- Required action -
Exactly the lines from the beginning of the records below through the line with "その手をとり どこまでも行こう |" must be given again, without pictures.

+ + + + + + +

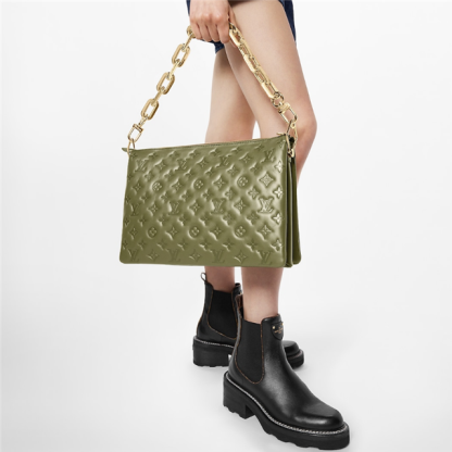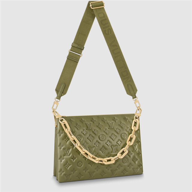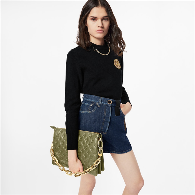 The Coussin MM handbag is fashioned from puffy lambskin, embossed with a Monogram pattern. Voluminous, soft, and supple, the bag almost feels like a pillow. An adjustable textile strap allows shoulder and a cross-body carry, while the new Edge Chain, enables under-arm and baguette carry.
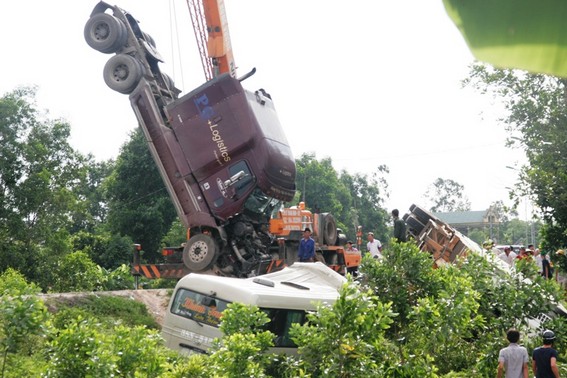 Cú tông cực mạnh đã khiến xe container lẫn xe khách rơi xuống lề đường, đã có 4 người chết, 9 người bị thương, trong đó có 3 người trong tình trạng hết sức nguy kịch.
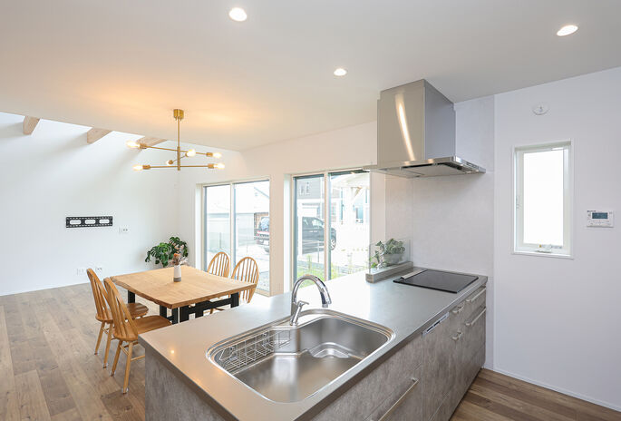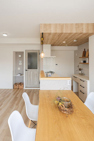 家でもアウトドア気分を味わったり、外遊びの道具の手入れをしたり。自然が大好きな人におすすめの、天然木を生かした家づくり。料理を楽しむキッチンも天然木で心地いい空間に。趣味のグッズがたっぷりしまえる収納スペースや、暮らしやすい回遊動線など、ライフスタイルに寄り添ったプラン提案も魅力だ。
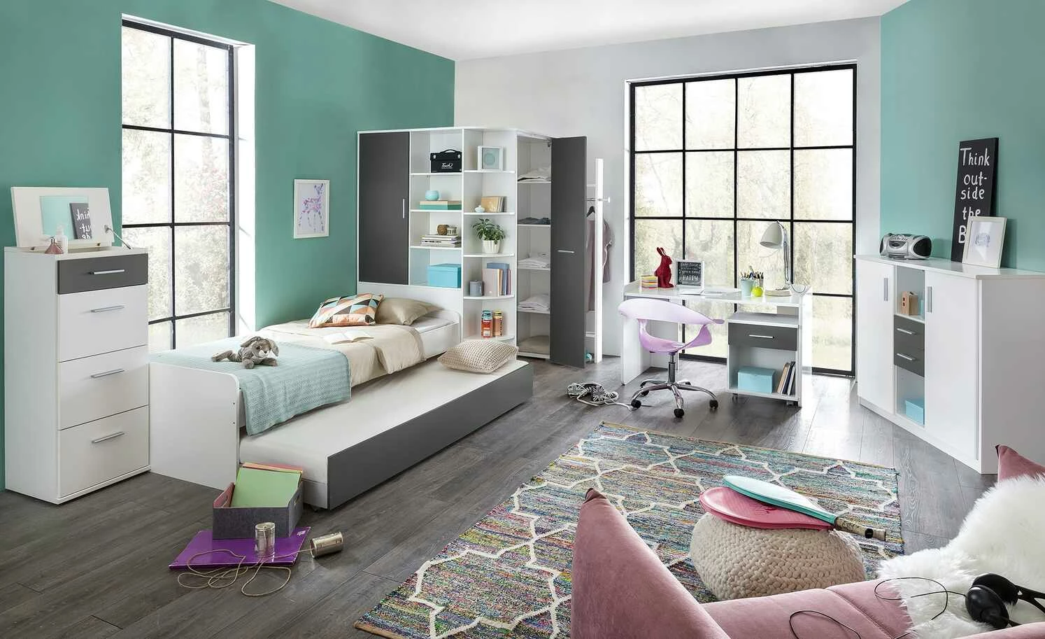 - Farbe / Dekor: Weiß / Graphitgrau
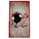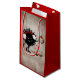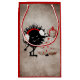 Customizable funny Christmas gift bag with a dark textured illustration with an evil black bug who gives a Christmas present to someone, on dark vintage textured background. Next to the evil character there is a Christmas tree.
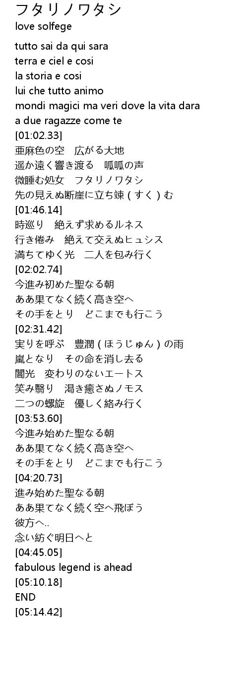| [02:21.18] | その手をとり どこまでも行こう |
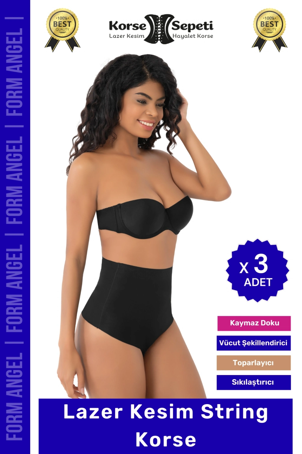 #Korse İz Yapmaz Göstermeyen Kaymaz Doku Toparlayıcı Sıkılaştıran Lazer Kesim String Korse - 3 Adet

+ + + + + + +

- Exercise response -
 The Coussin MM handbag is fashioned from puffy lambskin, embossed with a Monogram pattern. Voluminous, soft, and supple, the bag almost feels like a pillow. An adjustable textile strap allows shoulder and a cross-body carry, while the new Edge Chain, enables under-arm and baguette carry.
 Cú tông cực mạnh đã khiến xe container lẫn xe khách rơi xuống lề đường, đã có 4 người chết, 9 người bị thương, trong đó có 3 người trong tình trạng hết sức nguy kịch.
 家でもアウトドア気分を味わったり、外遊びの道具の手入れをしたり。自然が大好きな人におすすめの、天然木を生かした家づくり。料理を楽しむキッチンも天然木で心地いい空間に。趣味のグッズがたっぷりしまえる収納スペースや、暮らしやすい回遊動線など、ライフスタイルに寄り添ったプラン提案も魅力だ。
 - Farbe / Dekor: Weiß / Graphitgrau
 Customizable funny Christmas gift bag with a dark textured illustration with an evil black bug who gives a Christmas present to someone, on dark vintage textured background. Next to the evil character there is a Christmas tree.
| [02:21.18] | その手をとり どこまでも行こう |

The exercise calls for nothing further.